Created Log Group tutorial in us-west-1
Auto-enabling ECS Managed Tags
(service tutorial) has started 1 tasks:
(task c8d20b796bb7450799dfb8887331a930).
timestamp="2021-12-29 08:19:37 +0000 UTC"
Service status
desiredCount=1
runningCount=1
serviceName=tutorial
ECS Service has reached a stable state
desiredCount=1
runningCount=1
serviceName=tutorial
Created an ECS service
service=tutorial
taskDefinition="tutorial:1"
By default, the resources created by this command have the current directory in their titles, but you can override that with the --project-name
option. The --create-log-groups
option creates the CloudWatch log groups for the container logs.
View Running Containers
After you deploy the compose file, you can view the containers that are running in the service by returning to the ECS console.
Click the network tab to see your public IP address.

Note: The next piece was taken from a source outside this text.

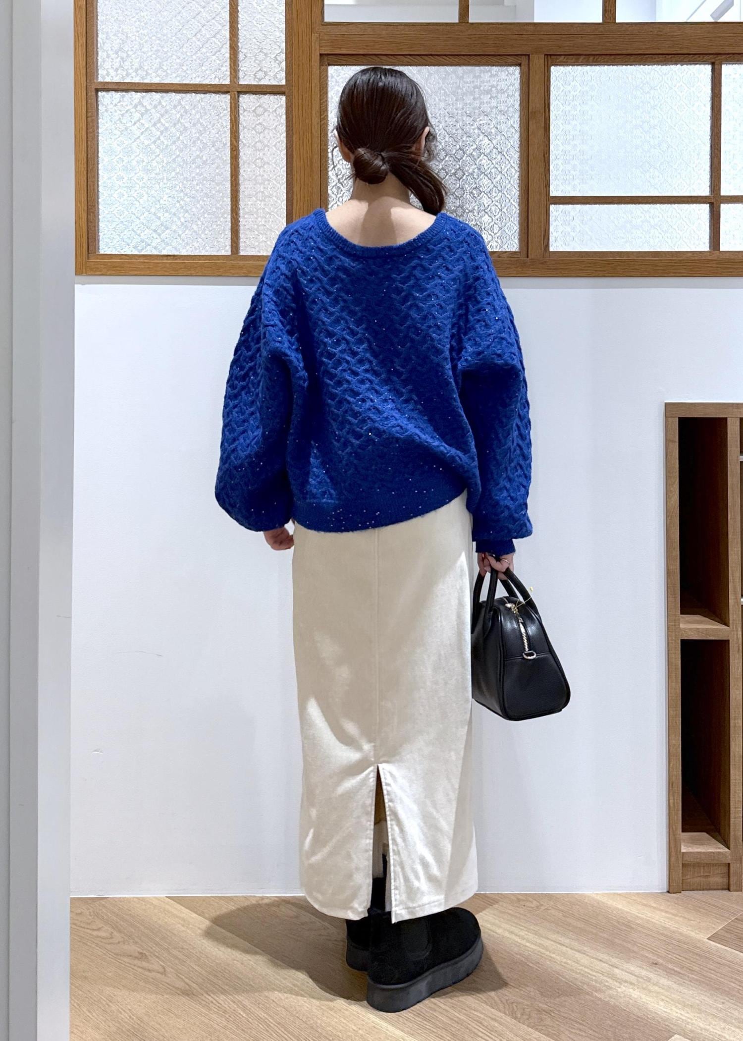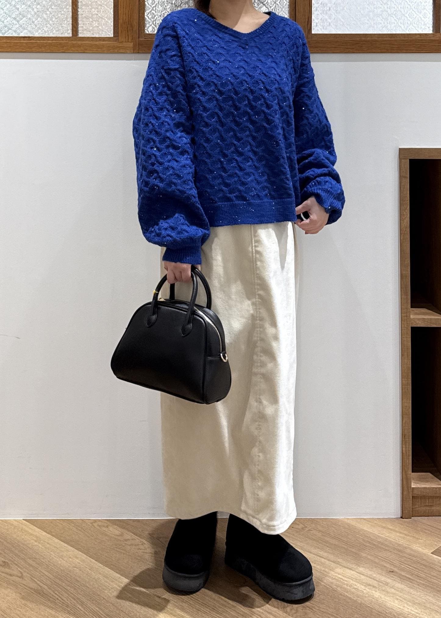 ブルーのニット以外はモノトーンのアイテムで揃えたコーディネートです。

Alternatively, you can run ecs-cli compose service ps
to view the running containers.
ecs-cli compose --project-name tutorial service ps \
--cluster-config tutorial-config \
--ecs-profile tutorial-profile
Output:
Name: tutorial/c8d20b796bb7450799dfb8887331a930/web
State: RUNNING
Ports: 54.241.222.168:80->80/tcp
TaskDefinition: tutorial:1
Health: UNKNOWN
View Web Application
Open the IP address in your browser to see a PHP web application.
Clean Up and Summary
You may have heard or read that Fargate is a service that provides Serverless compute for containers. You may also have heard that Serverless is the way of the future thanks to scaling to zero. You would then be surprised to learn that Fargate does not scale to zero except with significant additional configuration with other services.
Delete Your Service
Since Fargate does not scale to zero, you should clean up your resources when you are done with this tutorial. This will ensure the resources will not incur any more charges. Stop the running container with ecs-cli compose service down
.
ecs-cli compose --project-name tutorial service down \
--cluster-config tutorial-config \
--ecs-profile tutorial-profile
Take Down Your Cluster
Use ecs-cli down
to clean up the resources created earlier with ecs-cli up
.
ecs-cli down \
--cluster-config tutorial-config \
--force \
--ecs-profile tutorial-profile
Wow that took a long time. Should have just used Fly or Flightcontrol.